▸ **Instructions to follow**: Set the data below down again, exactly, with every picture left out.

*** Opening Data section ***

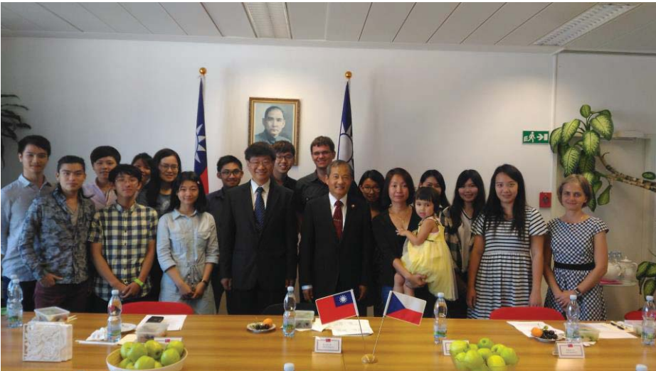
(照片說明：參訪駐捷克台北經濟文化辦事處)
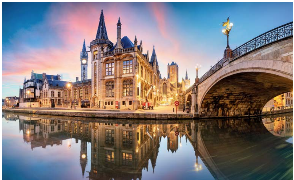
Blick auf die wunderschöne Altstadt von Gent
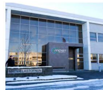
Aðalskrifstofa Matvælastofnunar er á Selfossi.

Í greinargerðinni segir einnig að um árábil hafi eftirlit með matvælum verið til skoðunar en ítrekaðar athugasemdir veruð gerðar af hálfu Eftirlitsstofnunar EFTA (ESA) frá árinu 2010 við annmarka á skipulagi
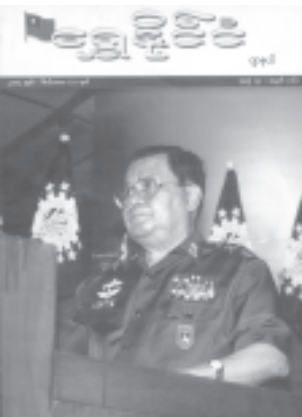
အဆိုပါကုန်သွယ်အတွဲ(၃)အမှတ်(၁၆)ကို ထုတ်ဝေပြန်ချိထားသည်။

ပြည်ထောင်စုကြံ့ခိုင်ရေးနှင့် ဖွံ့ဖြိုးရေးအသင်းဌာန ချုပ် ပညာရေးရာဌာနကထုတ်ဝေသည့် ရွှေနိုင်ငံကုန်သွယ် အတွဲ(၃)၊ အမှတ်(၁၆)ကို ထုတ်ဝေပြန်ချိထားသည်။
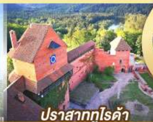
ปราสาทกูไรต้า
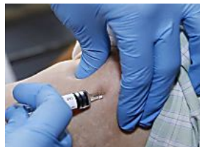
Una "epidemia" de hepatitis A obliga al Sergas a vacunar ya a adultos de riesgo
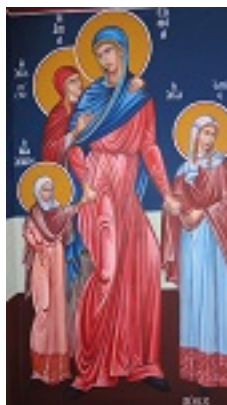
Αγία Σοφία και οι τρεις θυγατέρες της Πίστη, Ελπίδα και Αγάπη - Πηνελόπη Σχιζοδήμου© (www.porpe.gr)
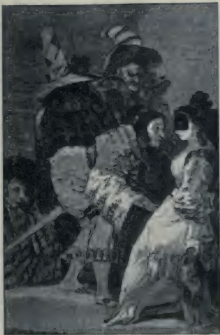
Nadie se conoce.

Sandoz, résumant la situation, écrivait à Berlin : « La reine et Godoy desirent à tout prix la paix pour disposer à leur gré de l'argent public (1). » Cependant, pendant le procès de Louis XVI, Charles IV qui avait, au lendemain du 10 août, offert l'hospitalité à la famille royale, fit mettre à la disposition d'Ocariz les sommes que celui-ci jugeait nécessaires pour gagner des voix à la Convention (2). Ocariz se laissa bernier par le conventionnel Chabot qui lui escroqua, dit-on, 1 800 000 livres et ne livra rien en échange (3). Pendant ce temps, les
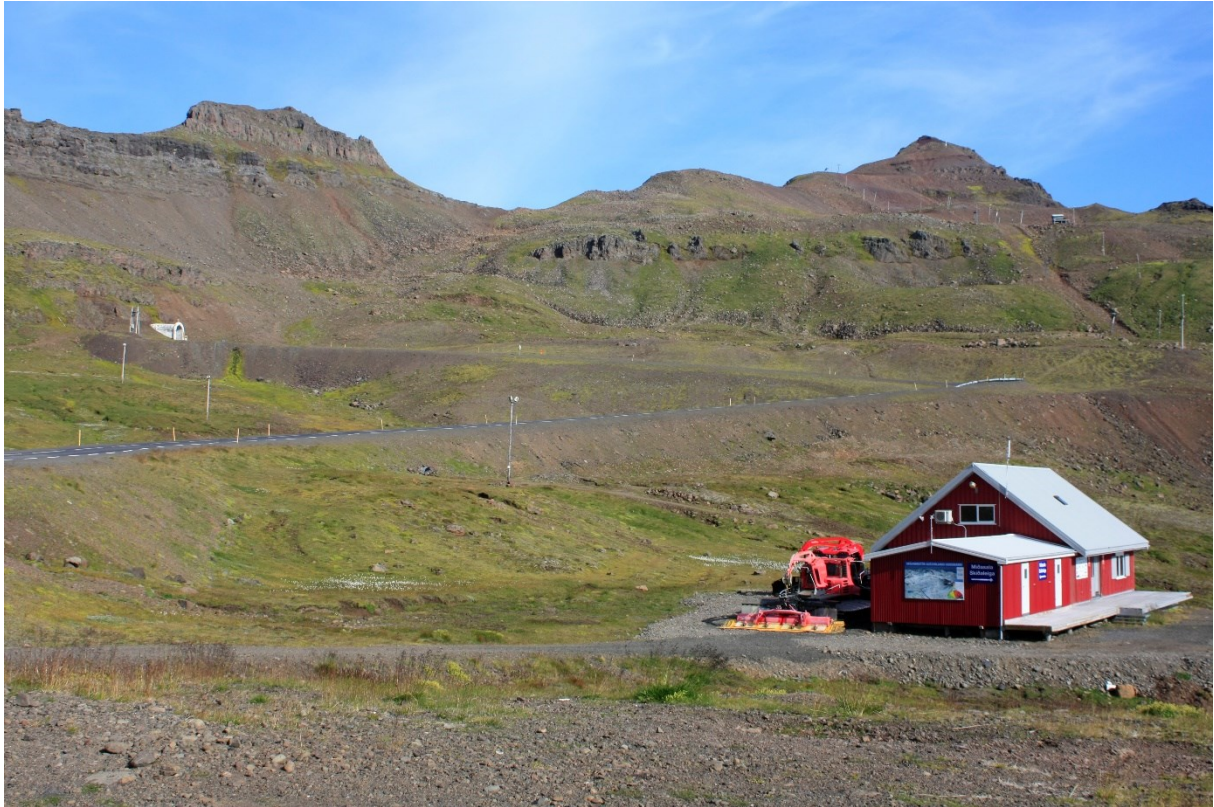
MYND 2.2 Útlit svæðisins að sumri til. Vegfyllingin sem verður fjarlægð sést fyrir miðri mynd og gangamunni Oddskarðsganga vinstra megin.

Skv. vistgerðarkorti Náttúrufræðistofnun Íslands er lyngmóavist(L10.8), mosamelavist(L1.3), urðarskriðuvist(L3.1), mosamóavist(10.1) og hraungambraivist(L5.3) algengustu vistgerðirnar á svæðinu.
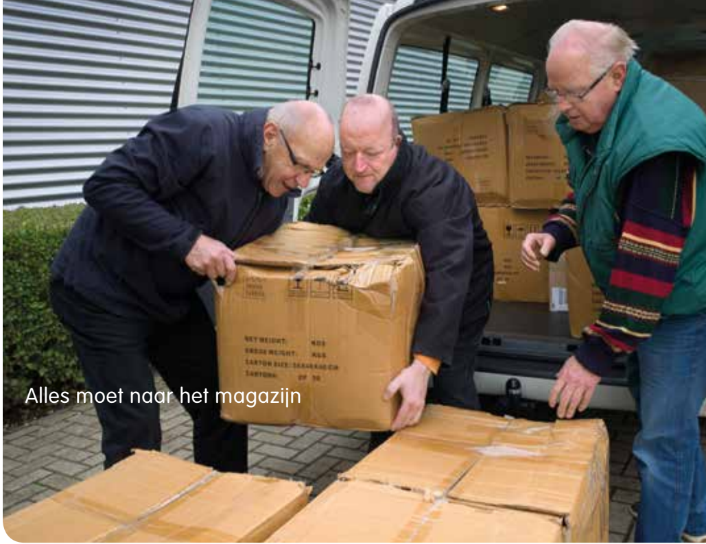
Alles moet naar het magazijn
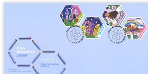
Serviced First Day Cover affixed with a set of 4 mint stamps

*** Closing Data section ***

▸ **Result below**:
(照片說明：參訪駐捷克台北經濟文化辦事處)
Blick auf die wunderschöne Altstadt von Gent
Aðalskrifstofa Matvælastofnunar er á Selfossi.

Í greinargerðinni segir einnig að um árábil hafi eftirlit með matvælum verið til skoðunar en ítrekaðar athugasemdir veruð gerðar af hálfu Eftirlitsstofnunar EFTA (ESA) frá árinu 2010 við annmarka á skipulagi
အဆိုပါကုန်သွယ်အတွဲ(၃)အမှတ်(၁၆)ကို ထုတ်ဝေပြန်ချိထားသည်။

ပြည်ထောင်စုကြံ့ခိုင်ရေးနှင့် ဖွံ့ဖြိုးရေးအသင်းဌာန ချုပ် ပညာရေးရာဌာနကထုတ်ဝေသည့် ရွှေနိုင်ငံကုန်သွယ် အတွဲ(၃)၊ အမှတ်(၁၆)ကို ထုတ်ဝေပြန်ချိထားသည်။
ปราสาทกูไรต้า
Una "epidemia" de hepatitis A obliga al Sergas a vacunar ya a adultos de riesgo
Αγία Σοφία και οι τρεις θυγατέρες της Πίστη, Ελπίδα και Αγάπη - Πηνελόπη Σχιζοδήμου© (www.porpe.gr)
Nadie se conoce.

Sandoz, résumant la situation, écrivait à Berlin : « La reine et Godoy desirent à tout prix la paix pour disposer à leur gré de l'argent public (1). » Cependant, pendant le procès de Louis XVI, Charles IV qui avait, au lendemain du 10 août, offert l'hospitalité à la famille royale, fit mettre à la disposition d'Ocariz les sommes que celui-ci jugeait nécessaires pour gagner des voix à la Convention (2). Ocariz se laissa bernier par le conventionnel Chabot qui lui escroqua, dit-on, 1 800 000 livres et ne livra rien en échange (3). Pendant ce temps, les
MYND 2.2 Útlit svæðisins að sumri til. Vegfyllingin sem verður fjarlægð sést fyrir miðri mynd og gangamunni Oddskarðsganga vinstra megin.

Skv. vistgerðarkorti Náttúrufræðistofnun Íslands er lyngmóavist(L10.8), mosamelavist(L1.3), urðarskriðuvist(L3.1), mosamóavist(10.1) og hraungambraivist(L5.3) algengustu vistgerðirnar á svæðinu.
Alles moet naar het magazijn
Serviced First Day Cover affixed with a set of 4 mint stamps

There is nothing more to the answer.